China cannot base its claim on geography, as the rock lies only 135 nautical miles from the coast of Luzon—the main Philippine island—but about 350 miles from the mainland of China and 300 miles from the nearest point on Taiwan. It is also thus well within the Philippines Exclusive Economic Zone (EEZ).

So the principal pillar of China’s claim is history—a 13th-century map made from a visit to the rock by a ship from China. At the time, China itself was under Mongol rule. The argument is thus “we got there first, and the fact that we put it on a map shows it is ours.”


This attitude puts China squarely in the company of 19th-century European voyagers who planted their national flags everywhere they went and claimed those places for their mother country.

Worse, it is a denial of the history of the non-Chinese people who border the sea, the Malay peoples of the Philippines, Malaysia, Indonesia, and Brunei, and the Vietnamese.

The historical facts are that the Chinese were latecomers to navigation in the South China Sea and beyond. They were invisible before the Tang Dynasty, and although vast amounts have been written about Chinese expeditions under admiral Zheng He around Asia and across the Indian ocean to Africa in the early 15th century, these occurred more than a thousand years after Malay seafarers began to cross the Indian ocean.

People from what is now Indonesia were the first to settle Madagascar, more than 4,000 miles away, where the language and half the human gene pool show Malay origins. They also left a mark on the coast of Africa. The Roman empire’s imports of silk from China and spices from Southeast Asia mostly went on Malay and Indian ships to southern India and then on other vessels to the Arabian peninsula.

When the 4th-century Chinese pilgrim Fa Hsien wanted to visit Sri Lanka, he had to travel in Malay-owned and operated ships from China to Sumatra and then on to Sri Lanka.

Likewise, there was regular trade on Cham ships between Luzon and the Asian mainland. Seafarers could hardly been unaware of the Scarborough Shoal, which lay on the direct route from Manila Bay to Hoi An, the trading center on the Vietnam coast.

It was probably from Champa that the Philippines acquired the Indian-type scripts used on the islands prior to the arrival of the Spanish.

The dominance of ethnic Chinese commerce in the region is a much later phenomenon, which anyway almost owes nothing to the Chinese state. Indeed, the expansion of trade and settlement by the Chinese over the past 200 years was owed in large measure to the opportunities offered by Western political dominance and promotion of free trade.

An historical fiction

The earlier history is vital to understanding why China’s claim to almost the whole sea—as shown by a dotted line on a map which goes close to the coasts of all the other littoral states—is based on an historical fiction which relegates the histories of the non-Han peoples to inferiority or irrelevance.

This is also illustrated by the use of the term “tribute,” implying hegemony, to apply to taxes paid by neighboring states to be allowed to trade in China.
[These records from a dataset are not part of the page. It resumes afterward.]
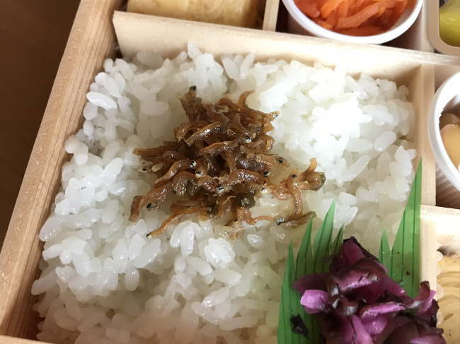 ご飯も、京都風の食べ方で、ちりめんじゃこですね。柴漬けを添えて。ご飯が瑞々しくて、お料理の全てを完璧に引き立てていました。こうやってみてくると、淡路屋の駅弁よりも、明確に美味しそうだなと感じますでしょ・笑。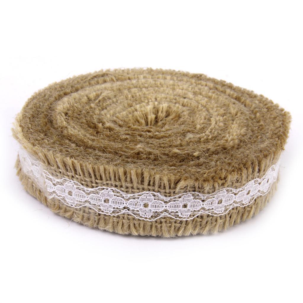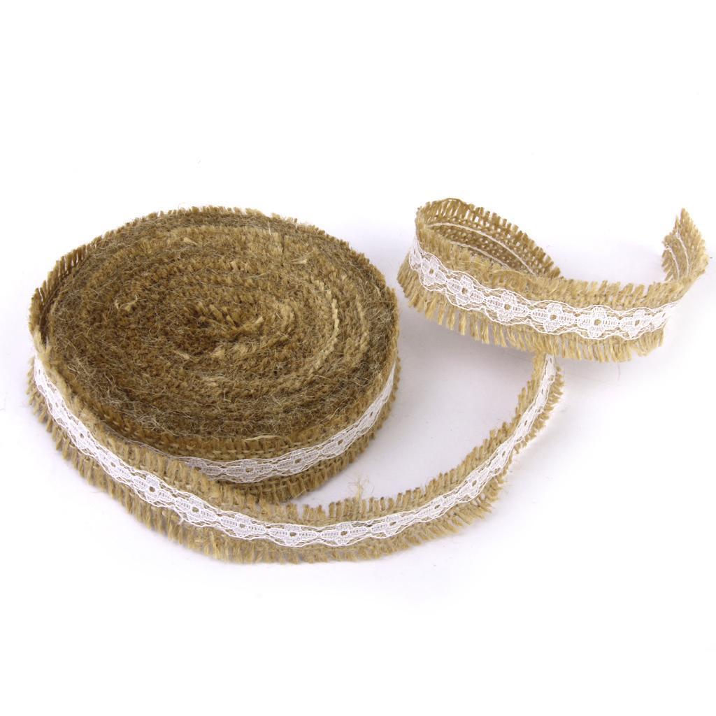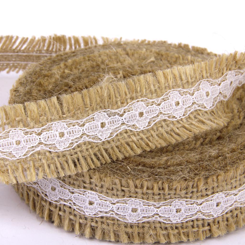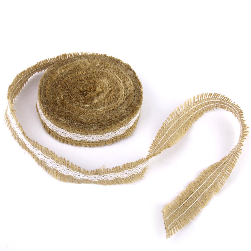Phenovo Hessian Burlap Lace Craft Ribbon with Frayed Edge Wedding Decor 10M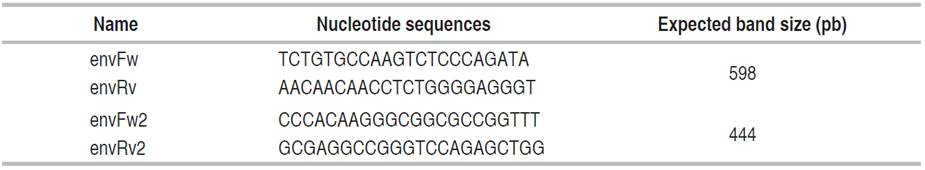 The fragment amplified in the PCR corresponds to the region that codes for the surface protein gp51, vital in the infectivity cycle of the virus since it is responsible for the recognition of the receptor and the binding of the virus to the host cell. Therefore, it is decisive to know the range of virus hosts (Gao et al. 2020). The primers selected to carry out the nested PCR of the env gene have been used in various diagnostic and genotyping studies of the virus since 1996 due to the low genetic variability of this region concerning other genome regions (Fechner et al. 1996; Polat et al. 2017).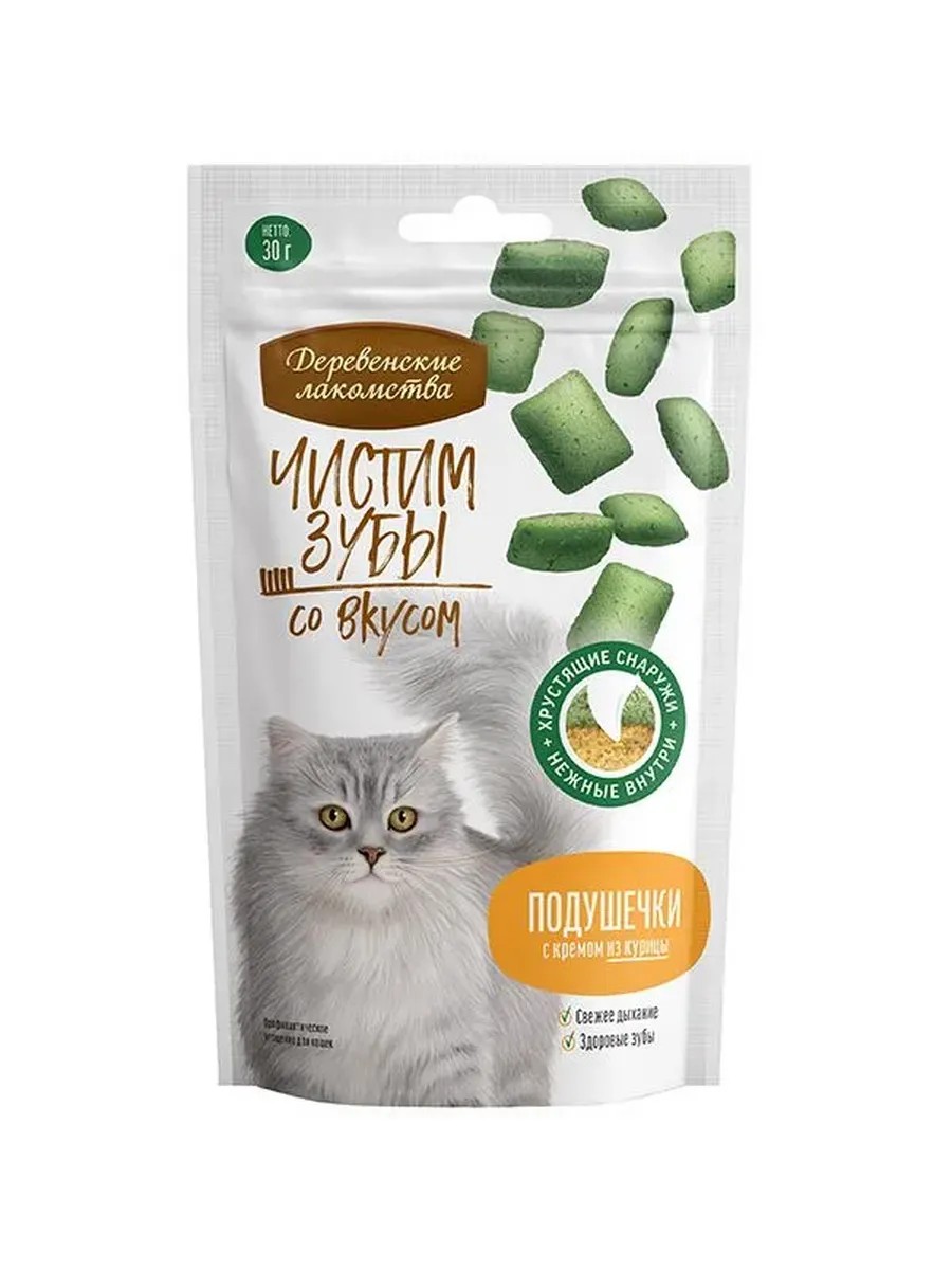 Деревенские лакомства Подушечки Чистим зубы с кремом из курицы для кошек 30г*1шт
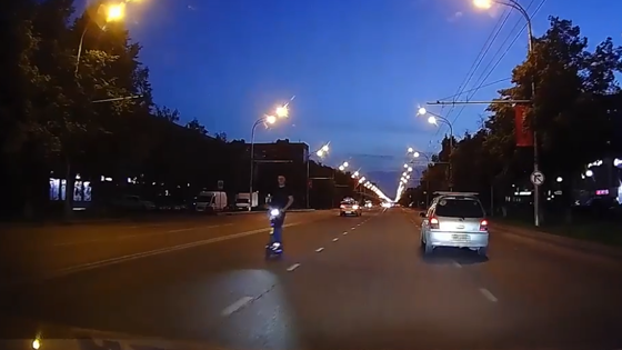 Во вторник, 18 июля, автомобилисты заметили мужчину на электросамокате, который ехал навстречу машинам по улице Кирова. Инцидент попал на запись видеорегистратора около 22:15.

China’s claim to the Scarborough Shoal also rests partly on an equally feeble pillar—the the Treaty of Paris in 1898, which ended the Spanish-American war and ceded the Philippine Archipelago to the U.S. The shoal is a few miles outside Longitude 116E, defining one limit of Philippine territory, so China asserts it is not part of the Philippines.

It is particularly ironic to find a China which refuses to accept the legitimacy of treaties it once accepted, but now deems “unequal,” falling back on a treaty drawn up by foreign imperialist powers without any reference to the Philippine inhabitants, and consisting of a few straight lines hastily drawn on maps.
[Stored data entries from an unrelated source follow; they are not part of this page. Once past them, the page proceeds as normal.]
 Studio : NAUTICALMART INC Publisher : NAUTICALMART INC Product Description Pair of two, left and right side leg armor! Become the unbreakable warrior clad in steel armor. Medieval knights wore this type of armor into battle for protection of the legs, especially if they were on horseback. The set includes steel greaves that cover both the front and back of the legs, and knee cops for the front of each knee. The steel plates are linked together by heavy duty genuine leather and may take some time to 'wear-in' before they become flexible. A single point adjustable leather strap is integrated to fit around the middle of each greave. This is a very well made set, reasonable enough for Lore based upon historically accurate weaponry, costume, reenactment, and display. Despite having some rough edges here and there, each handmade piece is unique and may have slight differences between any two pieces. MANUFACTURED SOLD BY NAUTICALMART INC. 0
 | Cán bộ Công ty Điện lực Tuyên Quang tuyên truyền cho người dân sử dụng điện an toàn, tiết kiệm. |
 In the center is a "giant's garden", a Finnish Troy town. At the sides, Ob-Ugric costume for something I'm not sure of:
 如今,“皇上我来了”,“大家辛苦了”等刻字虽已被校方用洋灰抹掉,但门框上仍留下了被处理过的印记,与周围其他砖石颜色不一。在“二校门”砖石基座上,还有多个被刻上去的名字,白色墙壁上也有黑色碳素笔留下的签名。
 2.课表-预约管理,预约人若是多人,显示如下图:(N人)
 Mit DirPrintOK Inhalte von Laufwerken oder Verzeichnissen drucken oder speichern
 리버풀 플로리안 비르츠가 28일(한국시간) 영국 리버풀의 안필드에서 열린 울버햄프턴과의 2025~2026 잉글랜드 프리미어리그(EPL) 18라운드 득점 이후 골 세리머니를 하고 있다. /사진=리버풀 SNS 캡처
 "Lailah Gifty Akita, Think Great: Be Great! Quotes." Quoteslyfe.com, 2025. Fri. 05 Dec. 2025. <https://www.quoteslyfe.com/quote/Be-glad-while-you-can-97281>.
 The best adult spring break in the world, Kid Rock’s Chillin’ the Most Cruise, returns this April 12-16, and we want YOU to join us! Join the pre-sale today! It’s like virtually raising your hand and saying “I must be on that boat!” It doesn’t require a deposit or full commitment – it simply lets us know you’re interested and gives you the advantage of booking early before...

Appeals to the Treaty of Paris also look bizarre given that France itself claimed all the Spratly Islands as part of its Vietnamese empire, a claim never countered by the U.S., though some of the islands are much closer to the Philippines than to any other land mass.

All told, it is time to wake up to the fact that the Scarborough Shoal dispute is not a petty one about a rock, but is rather about the history of a crucially important sea and of the peoples who live next to it.

Philip Bowring, former editor of the Far Eastern Economic Review, is a freelance columnist based in Hong Kong. He is a regular contributor to the International Herald Tribune.